> Brief:
Set down exactly, from the records below, the line with "Lalizas 99504 - Platform" through the line with "2025 年 9 月 3", and nothing else.

** Opening Extracted data block **

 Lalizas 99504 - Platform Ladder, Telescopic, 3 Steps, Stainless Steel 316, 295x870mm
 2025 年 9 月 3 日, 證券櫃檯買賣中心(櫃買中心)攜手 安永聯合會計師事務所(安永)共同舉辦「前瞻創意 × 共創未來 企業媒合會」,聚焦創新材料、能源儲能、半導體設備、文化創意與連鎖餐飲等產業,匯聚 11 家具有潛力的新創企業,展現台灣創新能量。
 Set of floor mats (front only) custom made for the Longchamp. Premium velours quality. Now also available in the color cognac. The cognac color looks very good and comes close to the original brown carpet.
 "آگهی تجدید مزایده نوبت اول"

** Closing Extracted data block **
** Opening Extracted data block **

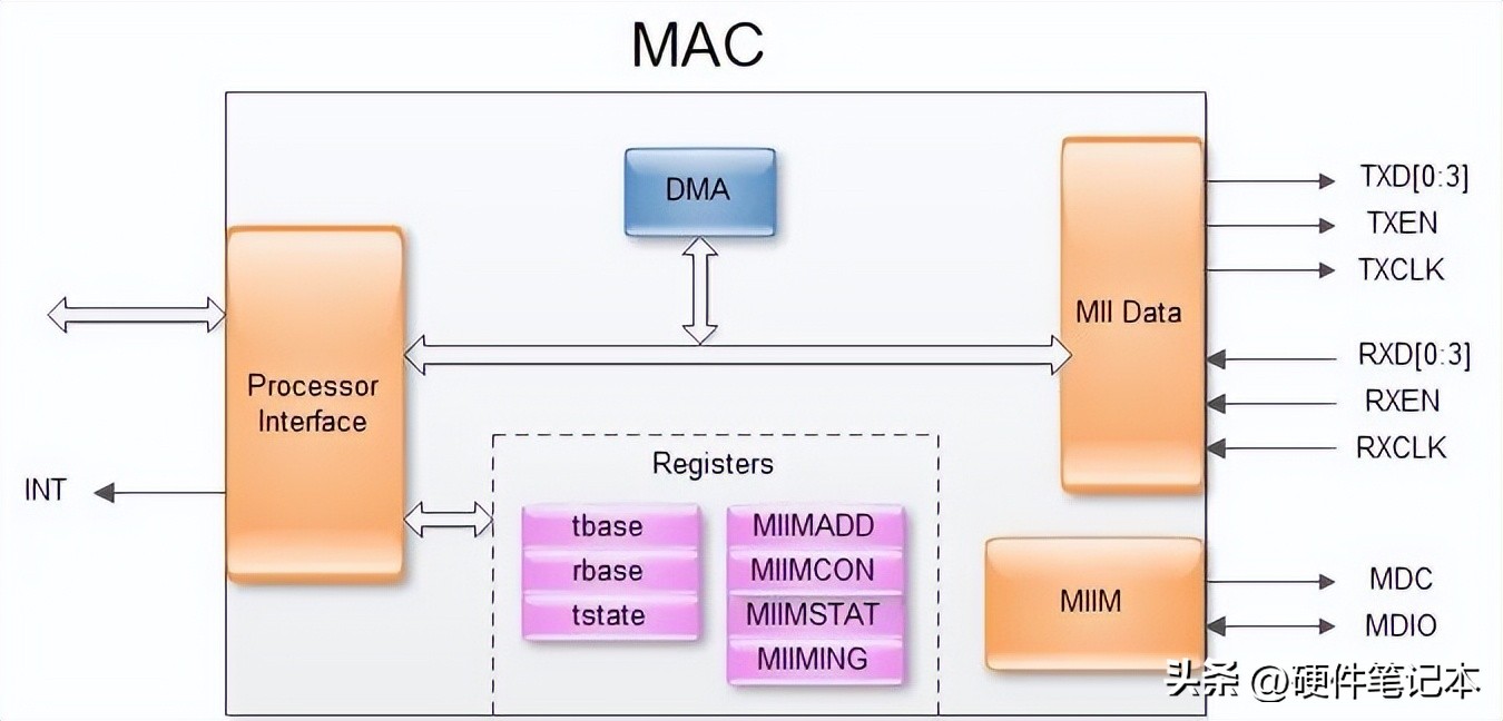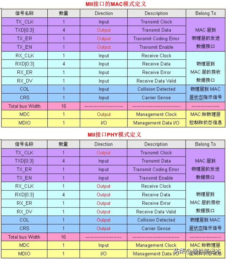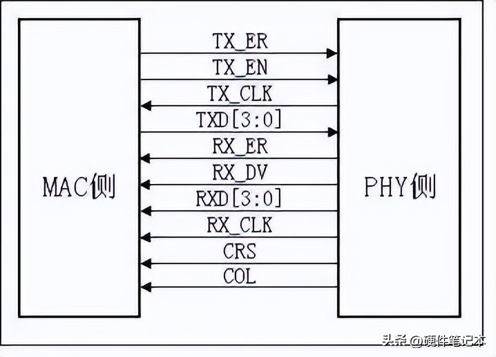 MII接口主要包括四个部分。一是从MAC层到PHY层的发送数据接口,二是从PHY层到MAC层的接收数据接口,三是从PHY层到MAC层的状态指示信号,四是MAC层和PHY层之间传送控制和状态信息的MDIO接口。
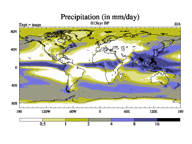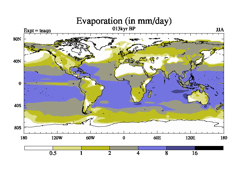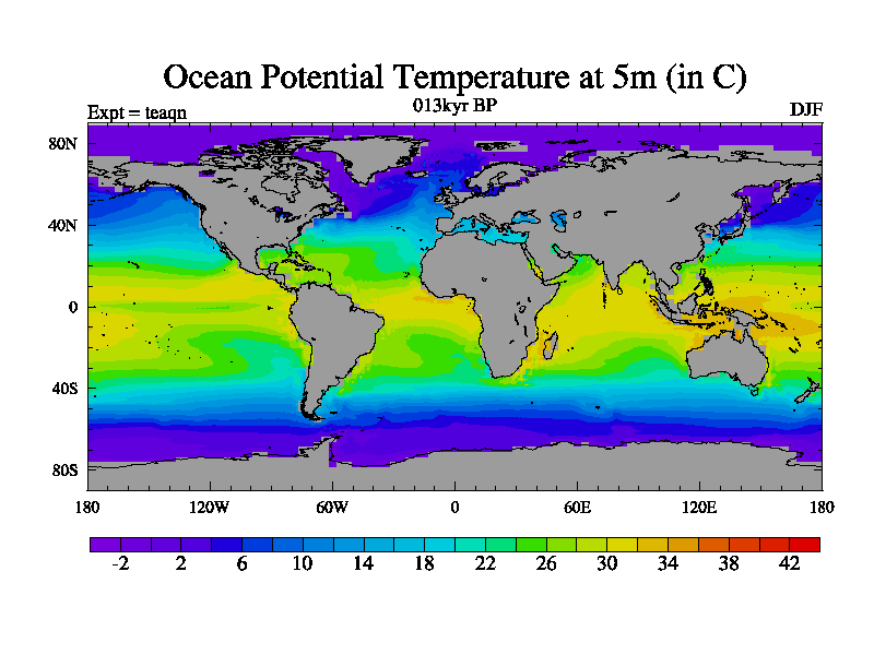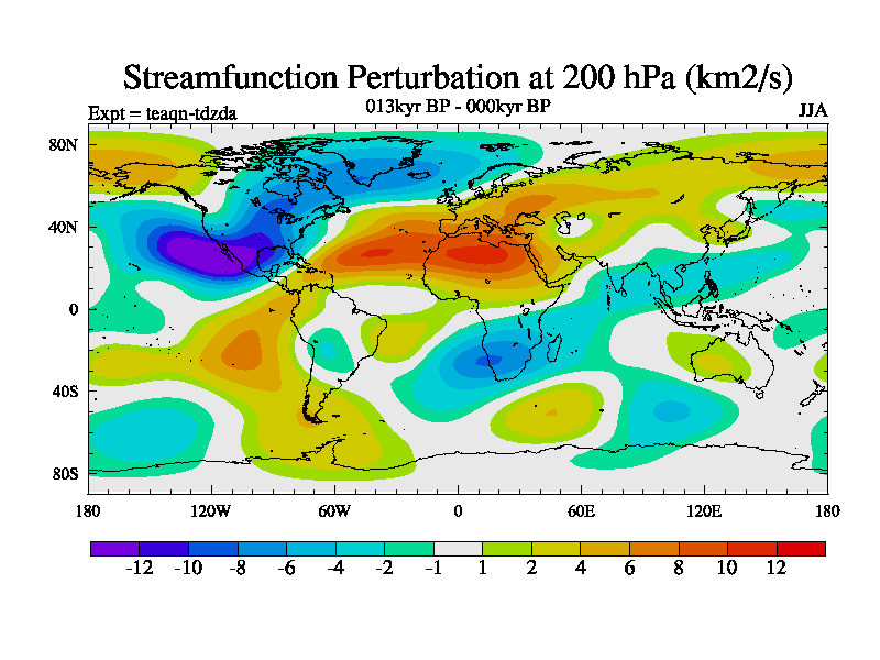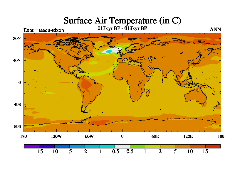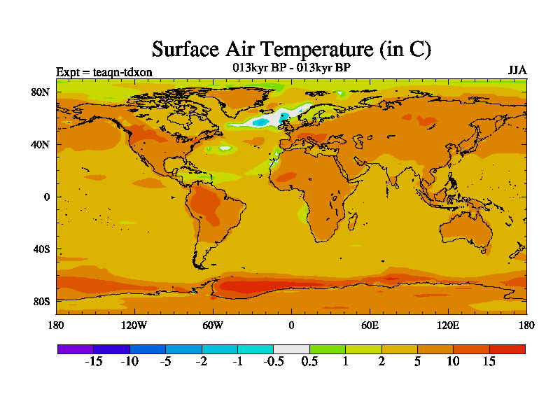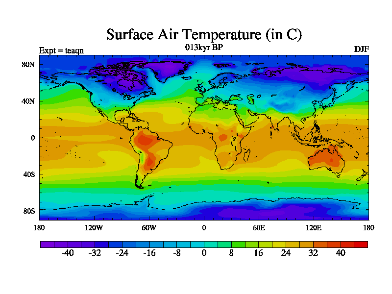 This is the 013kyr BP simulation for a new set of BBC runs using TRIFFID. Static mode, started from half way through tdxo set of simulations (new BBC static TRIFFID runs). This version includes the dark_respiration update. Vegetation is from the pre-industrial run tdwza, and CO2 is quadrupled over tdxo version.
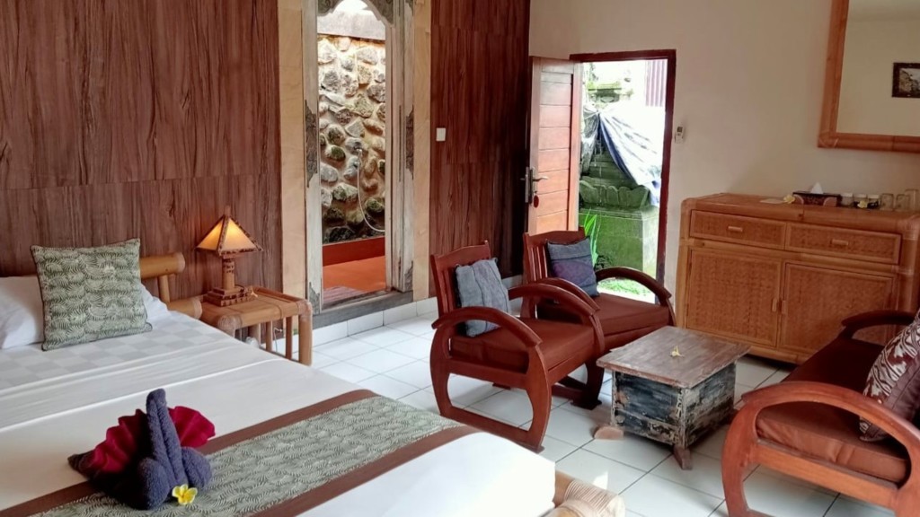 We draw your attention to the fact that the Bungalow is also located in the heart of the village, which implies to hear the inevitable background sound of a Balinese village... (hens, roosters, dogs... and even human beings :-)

** Closing Extracted data block **

> Answer space:
 Lalizas 99504 - Platform Ladder, Telescopic, 3 Steps, Stainless Steel 316, 295x870mm
 2025 年 9 月 3 日, 證券櫃檯買賣中心(櫃買中心)攜手 安永聯合會計師事務所(安永)共同舉辦「前瞻創意 × 共創未來 企業媒合會」,聚焦創新材料、能源儲能、半導體設備、文化創意與連鎖餐飲等產業,匯聚 11 家具有潛力的新創企業,展現台灣創新能量。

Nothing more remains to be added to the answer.